Statistical Tests in R

By Adrian Tam on September 11, 2023 in R for Data Science 6

R as a data analytics platform is expected to have a lot of support for various statistical tests. In this post, you are going to see how you can run statistical tests using the built-in functions in R. Specifically, you are going to learn:

What is t-test and how to do it in R
What is F-test and how to do it in R

Let’s get started.

Statistical Tests in R.
Photo by Louis Reed. Some rights reserved.

Overview

This post is divided into three parts; they are:

Are They the Same?
Two-Sample t-Test for Equal Means
Other Statistical Tests

Are They the Same?

Let’s consider the case that you have a regression problem, and you built two regression models. By feeding some test data, you notice that the models never perfectly match the expected result but are close enough to be useful. However, is there one model more accurate than another?

The metric for the accuracy of a regression model is the error, namely, how far off the model’s prediction to the actual value. By comparing the mean square error (MSE) of the two models, you can tell the one with lower MSE is better.

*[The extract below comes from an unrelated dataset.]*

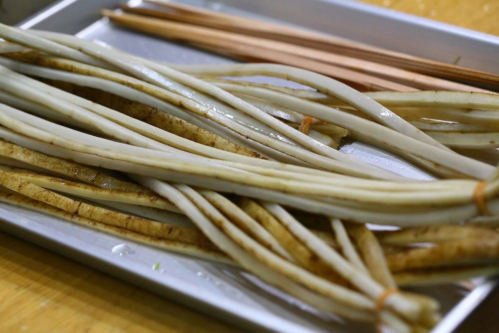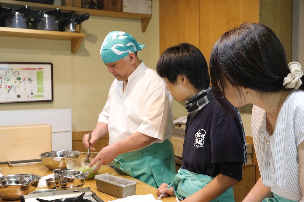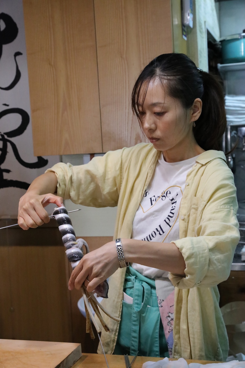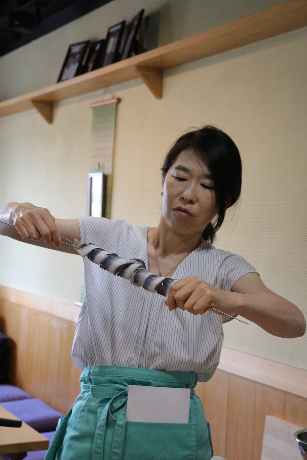 生の鰻は見るのも扱うのも初めてでしたが、ヌルヌルと格闘したり、牛蒡に巻きつけてだんだん八幡巻きの形にしていく工程は、ワクワクしました。果たして、自宅で一人でお料理できるのか…分かりませんが、挑戦してみます。いつもおせちの中で大人気の八幡巻ですが、ものすごく手間のかかるお料理だと分かり、今まで以上に大事に味わって食べようという気持ちになりました。

However, there is a problem: The mean of any metric would be sensitive to the sample set, and such randomness is inevitable. Therefore, normally, you cannot expect the mean from the two models would be the same. Claiming one model is better than another by merely a small difference in the metric is not robust.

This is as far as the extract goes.